[Items listed in a dataset]
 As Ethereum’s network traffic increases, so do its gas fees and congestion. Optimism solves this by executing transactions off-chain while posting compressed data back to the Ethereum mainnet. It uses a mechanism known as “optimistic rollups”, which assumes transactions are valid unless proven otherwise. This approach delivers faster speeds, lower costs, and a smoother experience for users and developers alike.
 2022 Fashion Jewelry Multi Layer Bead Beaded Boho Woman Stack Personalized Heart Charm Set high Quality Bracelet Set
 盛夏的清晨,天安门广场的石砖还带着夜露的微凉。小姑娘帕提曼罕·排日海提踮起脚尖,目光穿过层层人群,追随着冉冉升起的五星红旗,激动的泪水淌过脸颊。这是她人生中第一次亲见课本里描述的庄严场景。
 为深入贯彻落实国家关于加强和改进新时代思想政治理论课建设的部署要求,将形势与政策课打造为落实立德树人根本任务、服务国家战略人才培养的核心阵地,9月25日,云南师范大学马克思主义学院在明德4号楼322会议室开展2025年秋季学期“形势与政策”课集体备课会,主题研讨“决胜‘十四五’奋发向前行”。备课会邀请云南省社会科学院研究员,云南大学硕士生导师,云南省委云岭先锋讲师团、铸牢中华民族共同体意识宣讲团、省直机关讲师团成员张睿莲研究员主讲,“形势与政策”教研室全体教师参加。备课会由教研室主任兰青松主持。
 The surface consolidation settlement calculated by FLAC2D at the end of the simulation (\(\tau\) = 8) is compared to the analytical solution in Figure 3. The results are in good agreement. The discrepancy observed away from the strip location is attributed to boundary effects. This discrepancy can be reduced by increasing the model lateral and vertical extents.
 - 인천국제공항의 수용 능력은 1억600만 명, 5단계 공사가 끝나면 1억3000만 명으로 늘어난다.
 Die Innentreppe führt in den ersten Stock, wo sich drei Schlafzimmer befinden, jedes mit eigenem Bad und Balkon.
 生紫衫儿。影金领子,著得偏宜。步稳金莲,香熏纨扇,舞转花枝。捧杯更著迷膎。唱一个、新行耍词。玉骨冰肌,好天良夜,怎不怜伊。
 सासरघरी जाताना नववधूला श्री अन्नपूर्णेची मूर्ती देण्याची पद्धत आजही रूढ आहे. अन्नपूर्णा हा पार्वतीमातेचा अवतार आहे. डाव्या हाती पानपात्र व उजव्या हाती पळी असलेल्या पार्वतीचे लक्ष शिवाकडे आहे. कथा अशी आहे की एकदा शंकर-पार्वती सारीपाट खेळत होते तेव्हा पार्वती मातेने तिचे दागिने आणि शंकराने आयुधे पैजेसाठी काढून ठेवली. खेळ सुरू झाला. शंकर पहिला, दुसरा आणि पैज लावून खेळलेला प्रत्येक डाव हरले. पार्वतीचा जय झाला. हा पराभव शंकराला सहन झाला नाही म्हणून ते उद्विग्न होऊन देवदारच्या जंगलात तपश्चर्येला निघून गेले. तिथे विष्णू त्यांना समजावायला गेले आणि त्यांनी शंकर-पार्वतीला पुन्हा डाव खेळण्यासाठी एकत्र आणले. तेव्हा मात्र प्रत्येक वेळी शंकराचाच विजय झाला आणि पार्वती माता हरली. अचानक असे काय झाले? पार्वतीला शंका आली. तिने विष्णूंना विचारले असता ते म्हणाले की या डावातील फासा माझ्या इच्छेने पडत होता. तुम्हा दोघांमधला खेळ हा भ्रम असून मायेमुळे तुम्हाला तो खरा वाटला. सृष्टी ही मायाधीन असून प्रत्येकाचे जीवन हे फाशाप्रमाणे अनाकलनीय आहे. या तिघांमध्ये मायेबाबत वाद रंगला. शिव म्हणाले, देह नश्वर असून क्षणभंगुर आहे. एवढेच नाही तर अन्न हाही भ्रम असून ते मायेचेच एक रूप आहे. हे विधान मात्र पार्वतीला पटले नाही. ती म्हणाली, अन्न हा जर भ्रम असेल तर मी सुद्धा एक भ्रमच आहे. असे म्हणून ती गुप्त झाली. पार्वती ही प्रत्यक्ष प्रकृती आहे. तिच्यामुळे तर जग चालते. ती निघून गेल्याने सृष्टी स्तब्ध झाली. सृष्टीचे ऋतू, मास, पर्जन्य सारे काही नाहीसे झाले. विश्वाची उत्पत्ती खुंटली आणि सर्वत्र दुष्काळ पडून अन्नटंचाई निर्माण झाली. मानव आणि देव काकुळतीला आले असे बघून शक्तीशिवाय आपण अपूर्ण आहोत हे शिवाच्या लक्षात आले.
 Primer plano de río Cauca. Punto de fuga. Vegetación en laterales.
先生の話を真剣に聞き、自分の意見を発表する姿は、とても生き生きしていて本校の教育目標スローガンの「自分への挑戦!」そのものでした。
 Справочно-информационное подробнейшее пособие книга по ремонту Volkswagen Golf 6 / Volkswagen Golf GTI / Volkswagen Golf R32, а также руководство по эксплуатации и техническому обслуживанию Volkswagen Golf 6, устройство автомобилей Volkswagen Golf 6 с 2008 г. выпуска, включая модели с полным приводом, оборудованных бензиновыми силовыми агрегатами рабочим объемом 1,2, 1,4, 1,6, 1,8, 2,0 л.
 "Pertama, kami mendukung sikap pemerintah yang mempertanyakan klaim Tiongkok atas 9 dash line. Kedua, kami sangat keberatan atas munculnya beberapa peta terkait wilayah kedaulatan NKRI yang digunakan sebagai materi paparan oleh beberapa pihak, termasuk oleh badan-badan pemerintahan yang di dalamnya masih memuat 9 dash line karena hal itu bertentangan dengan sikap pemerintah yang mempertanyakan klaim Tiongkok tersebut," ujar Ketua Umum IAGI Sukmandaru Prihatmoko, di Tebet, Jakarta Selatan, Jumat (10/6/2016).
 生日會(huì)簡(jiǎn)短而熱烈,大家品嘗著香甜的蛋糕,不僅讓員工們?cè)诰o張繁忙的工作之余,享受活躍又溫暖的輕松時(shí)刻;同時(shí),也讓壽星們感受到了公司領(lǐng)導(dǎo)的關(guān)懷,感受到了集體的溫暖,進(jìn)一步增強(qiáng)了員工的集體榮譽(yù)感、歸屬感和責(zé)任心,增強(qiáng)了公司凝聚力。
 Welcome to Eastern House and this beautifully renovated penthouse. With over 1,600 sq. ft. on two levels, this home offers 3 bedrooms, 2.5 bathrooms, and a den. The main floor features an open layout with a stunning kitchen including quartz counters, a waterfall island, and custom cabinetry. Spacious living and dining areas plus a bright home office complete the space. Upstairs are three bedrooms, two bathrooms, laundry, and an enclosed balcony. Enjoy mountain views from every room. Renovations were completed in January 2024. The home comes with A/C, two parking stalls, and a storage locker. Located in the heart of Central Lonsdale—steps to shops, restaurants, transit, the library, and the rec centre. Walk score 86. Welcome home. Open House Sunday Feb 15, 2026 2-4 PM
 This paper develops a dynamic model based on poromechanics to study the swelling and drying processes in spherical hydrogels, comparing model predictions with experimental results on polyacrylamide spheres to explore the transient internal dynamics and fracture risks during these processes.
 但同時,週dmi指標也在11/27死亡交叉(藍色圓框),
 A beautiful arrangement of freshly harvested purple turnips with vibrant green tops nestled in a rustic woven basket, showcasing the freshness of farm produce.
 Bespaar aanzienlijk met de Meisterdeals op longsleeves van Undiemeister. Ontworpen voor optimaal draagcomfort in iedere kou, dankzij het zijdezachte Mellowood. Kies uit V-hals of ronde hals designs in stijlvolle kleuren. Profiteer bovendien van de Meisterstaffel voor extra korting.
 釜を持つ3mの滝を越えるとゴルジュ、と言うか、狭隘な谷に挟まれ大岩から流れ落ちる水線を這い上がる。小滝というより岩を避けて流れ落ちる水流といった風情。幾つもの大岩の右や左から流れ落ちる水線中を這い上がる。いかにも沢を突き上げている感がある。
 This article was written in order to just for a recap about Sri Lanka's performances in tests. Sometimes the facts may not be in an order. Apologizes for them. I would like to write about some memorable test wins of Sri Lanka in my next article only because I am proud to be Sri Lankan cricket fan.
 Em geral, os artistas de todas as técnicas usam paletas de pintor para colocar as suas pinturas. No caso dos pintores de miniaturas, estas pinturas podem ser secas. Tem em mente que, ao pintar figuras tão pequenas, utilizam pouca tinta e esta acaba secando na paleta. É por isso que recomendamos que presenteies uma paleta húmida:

▸ **WORK REQUIRED**
Please output exactly the lines from the one containing "This paper develops" through the end of the records, both included.

▸ **EXPECTED OUTPUT**
 This paper develops a dynamic model based on poromechanics to study the swelling and drying processes in spherical hydrogels, comparing model predictions with experimental results on polyacrylamide spheres to explore the transient internal dynamics and fracture risks during these processes.
 但同時,週dmi指標也在11/27死亡交叉(藍色圓框),
 A beautiful arrangement of freshly harvested purple turnips with vibrant green tops nestled in a rustic woven basket, showcasing the freshness of farm produce.
 Bespaar aanzienlijk met de Meisterdeals op longsleeves van Undiemeister. Ontworpen voor optimaal draagcomfort in iedere kou, dankzij het zijdezachte Mellowood. Kies uit V-hals of ronde hals designs in stijlvolle kleuren. Profiteer bovendien van de Meisterstaffel voor extra korting.
 釜を持つ3mの滝を越えるとゴルジュ、と言うか、狭隘な谷に挟まれ大岩から流れ落ちる水線を這い上がる。小滝というより岩を避けて流れ落ちる水流といった風情。幾つもの大岩の右や左から流れ落ちる水線中を這い上がる。いかにも沢を突き上げている感がある。
 This article was written in order to just for a recap about Sri Lanka's performances in tests. Sometimes the facts may not be in an order. Apologizes for them. I would like to write about some memorable test wins of Sri Lanka in my next article only because I am proud to be Sri Lankan cricket fan.
 Em geral, os artistas de todas as técnicas usam paletas de pintor para colocar as suas pinturas. No caso dos pintores de miniaturas, estas pinturas podem ser secas. Tem em mente que, ao pintar figuras tão pequenas, utilizam pouca tinta e esta acaba secando na paleta. É por isso que recomendamos que presenteies uma paleta húmida:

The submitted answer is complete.